*REQUIRED WORK:* The exercise calls for the lines from the one containing "- Пермским мобилизованным" to the end of the data below to be output exactly, pictures excluded.

*DATA PROVIDED:*
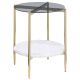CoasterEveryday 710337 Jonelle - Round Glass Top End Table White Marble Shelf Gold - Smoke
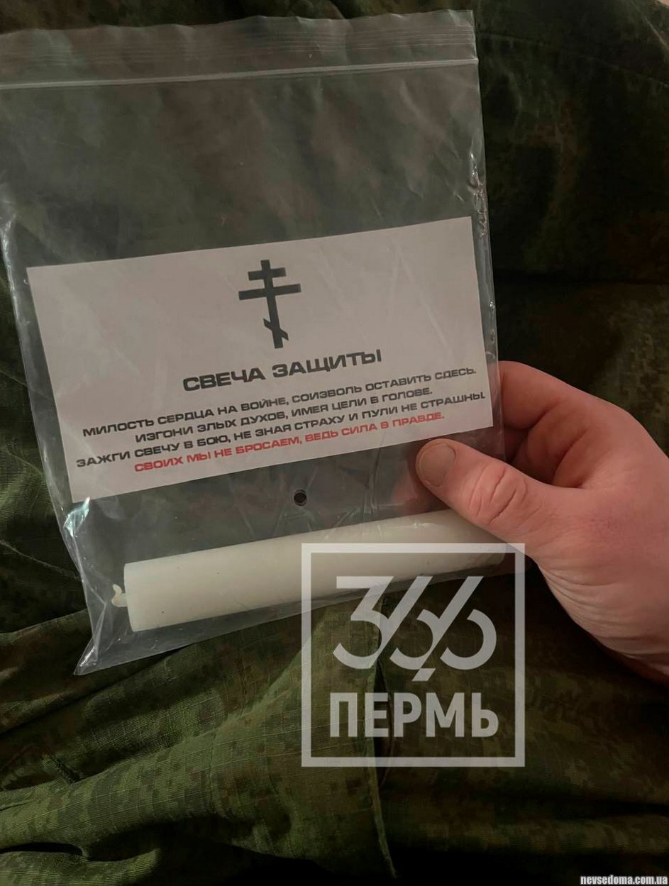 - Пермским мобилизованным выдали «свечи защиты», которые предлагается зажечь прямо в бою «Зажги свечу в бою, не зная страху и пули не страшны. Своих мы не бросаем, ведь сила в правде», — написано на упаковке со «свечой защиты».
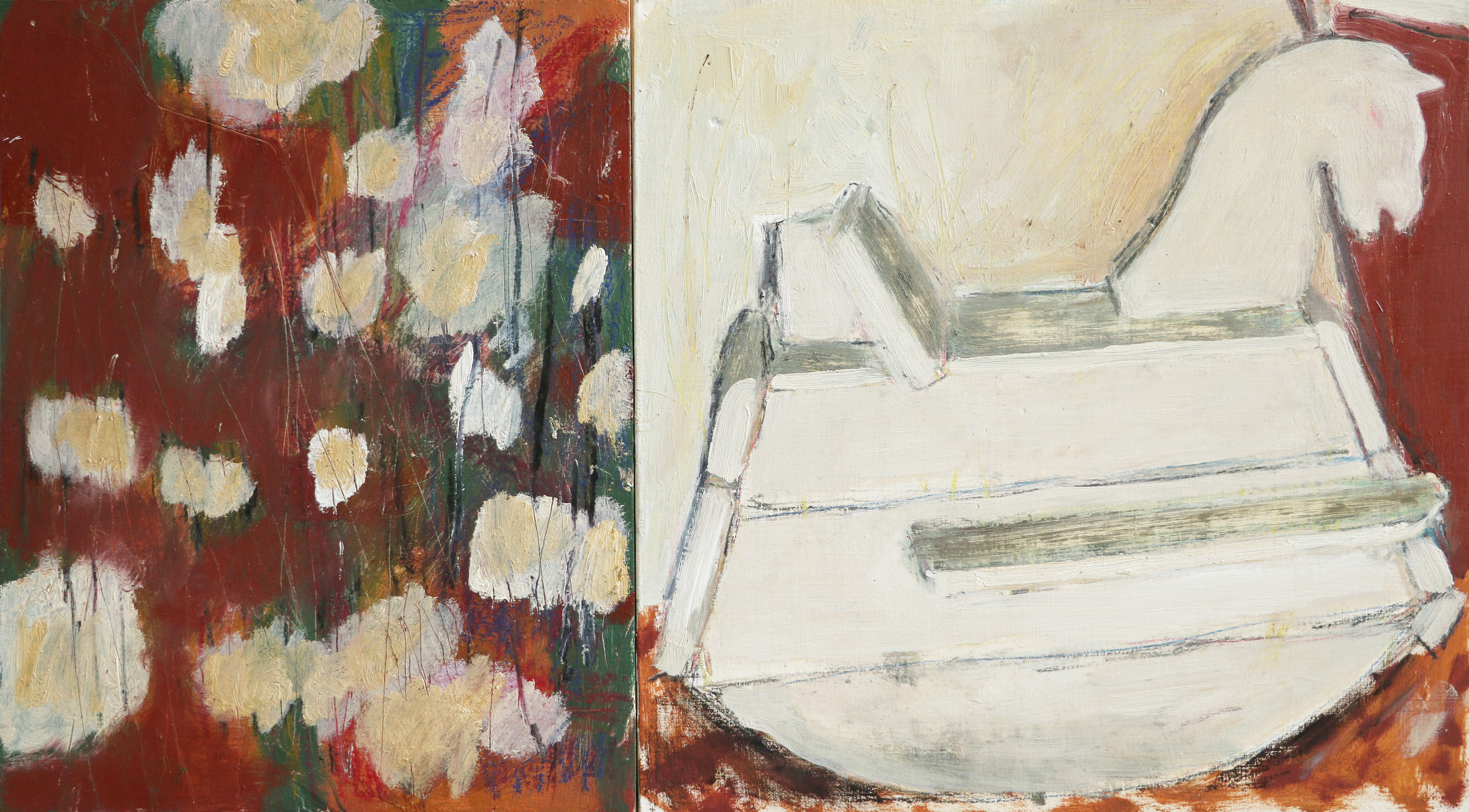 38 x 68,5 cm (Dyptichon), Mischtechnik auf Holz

*TASK SOLUTION:*
 - Пермским мобилизованным выдали «свечи защиты», которые предлагается зажечь прямо в бою «Зажги свечу в бою, не зная страху и пули не страшны. Своих мы не бросаем, ведь сила в правде», — написано на упаковке со «свечой защиты».
 38 x 68,5 cm (Dyptichon), Mischtechnik auf Holz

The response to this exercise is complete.